** Input data follows **

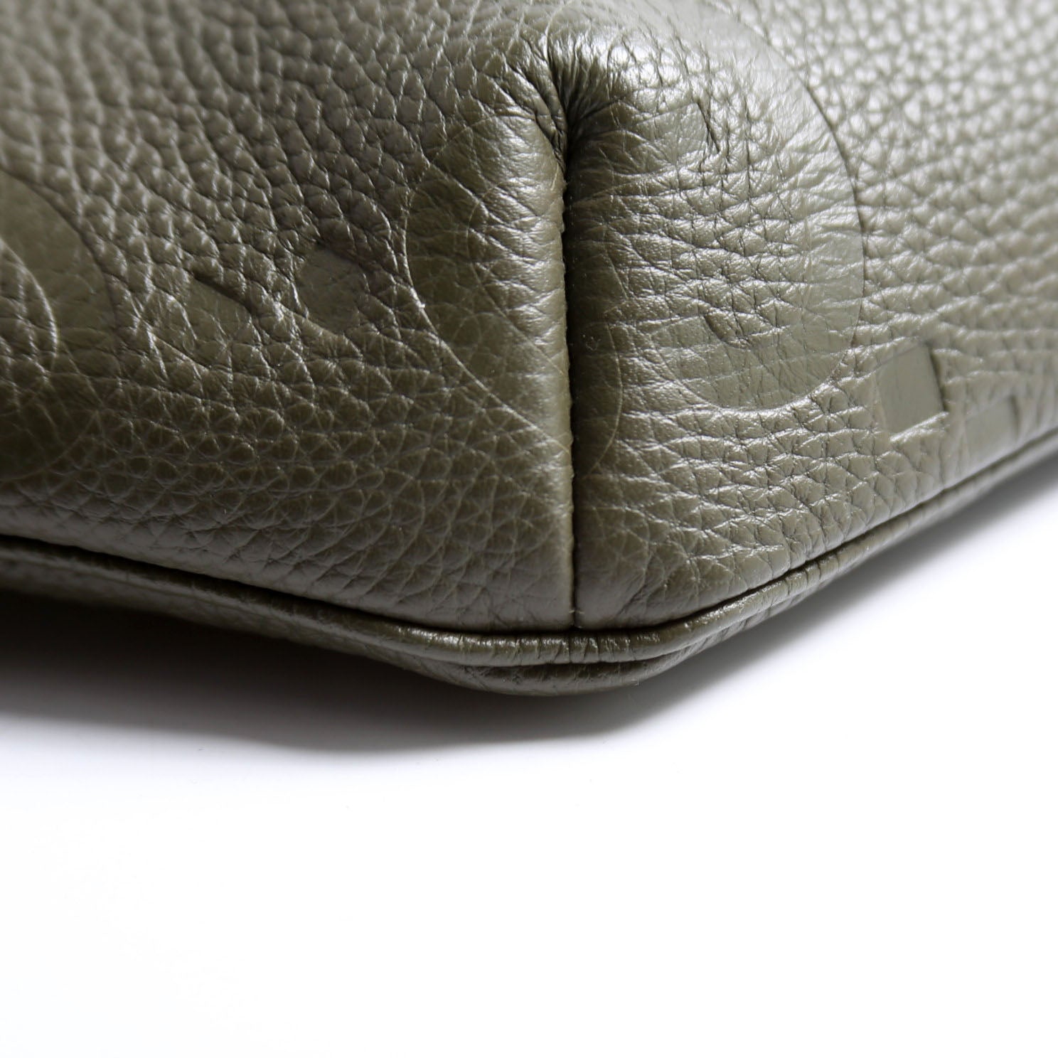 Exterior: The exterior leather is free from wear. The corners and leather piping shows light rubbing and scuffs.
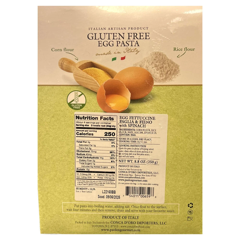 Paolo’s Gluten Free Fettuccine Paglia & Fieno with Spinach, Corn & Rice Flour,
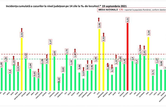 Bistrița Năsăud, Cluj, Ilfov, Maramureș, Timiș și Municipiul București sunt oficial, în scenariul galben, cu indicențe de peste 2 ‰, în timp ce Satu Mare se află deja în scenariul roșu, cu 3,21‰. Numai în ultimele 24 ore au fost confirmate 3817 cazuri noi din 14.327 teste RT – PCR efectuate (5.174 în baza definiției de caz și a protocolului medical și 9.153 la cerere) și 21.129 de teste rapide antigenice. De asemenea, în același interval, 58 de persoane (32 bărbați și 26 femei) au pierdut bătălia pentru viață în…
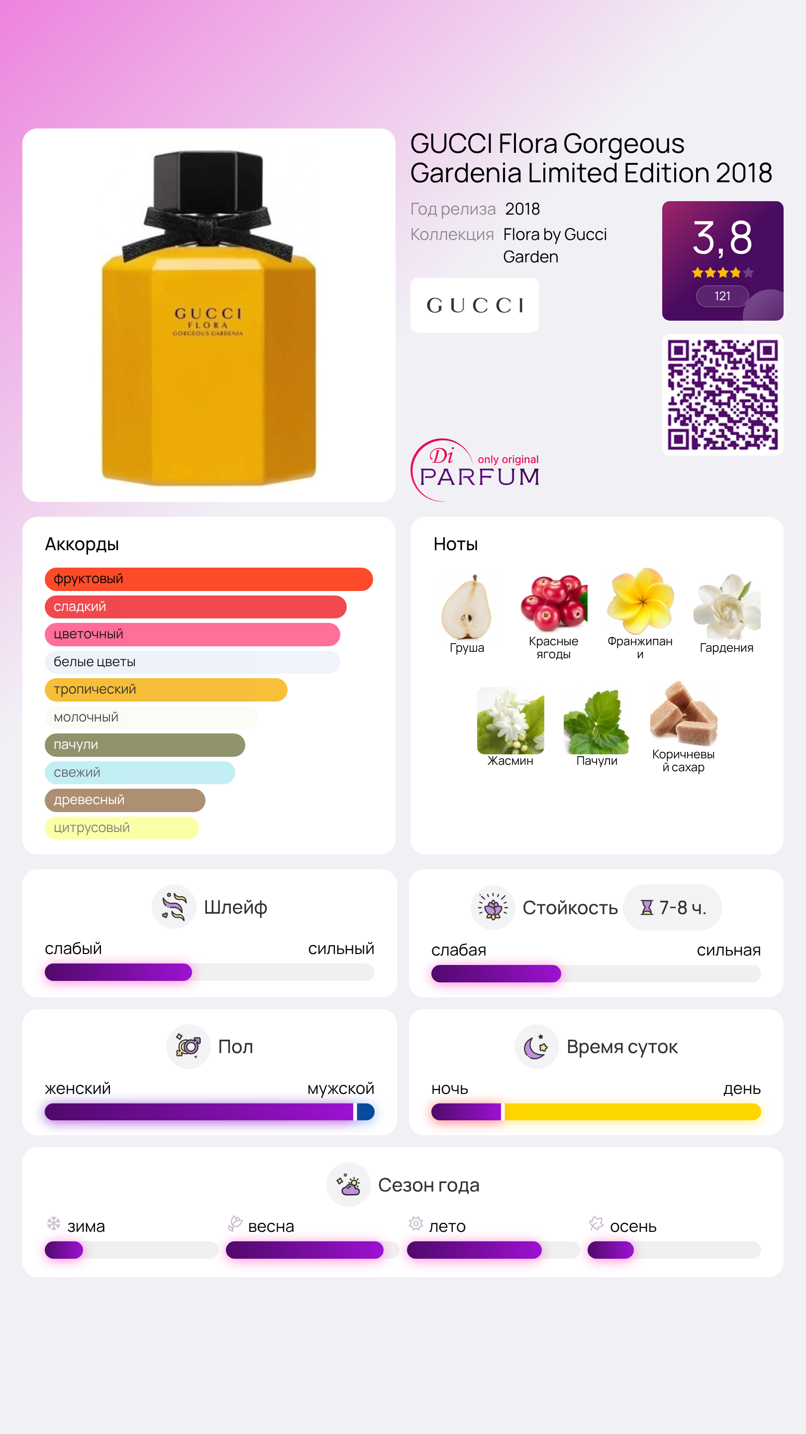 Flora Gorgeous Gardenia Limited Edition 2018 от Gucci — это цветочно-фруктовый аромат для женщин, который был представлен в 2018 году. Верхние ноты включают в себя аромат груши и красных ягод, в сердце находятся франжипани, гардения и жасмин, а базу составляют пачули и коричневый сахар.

** End of Input data **

- Exercise description: Exactly the lines from the one containing "Paolo’s Gluten Free" through the last line of the data above should be output, both ends included, with every picture left out.

- Exercise response:
 Paolo’s Gluten Free Fettuccine Paglia & Fieno with Spinach, Corn & Rice Flour,
 Bistrița Năsăud, Cluj, Ilfov, Maramureș, Timiș și Municipiul București sunt oficial, în scenariul galben, cu indicențe de peste 2 ‰, în timp ce Satu Mare se află deja în scenariul roșu, cu 3,21‰. Numai în ultimele 24 ore au fost confirmate 3817 cazuri noi din 14.327 teste RT – PCR efectuate (5.174 în baza definiției de caz și a protocolului medical și 9.153 la cerere) și 21.129 de teste rapide antigenice. De asemenea, în același interval, 58 de persoane (32 bărbați și 26 femei) au pierdut bătălia pentru viață în…
 Flora Gorgeous Gardenia Limited Edition 2018 от Gucci — это цветочно-фруктовый аромат для женщин, который был представлен в 2018 году. Верхние ноты включают в себя аромат груши и красных ягод, в сердце находятся франжипани, гардения и жасмин, а базу составляют пачули и коричневый сахар.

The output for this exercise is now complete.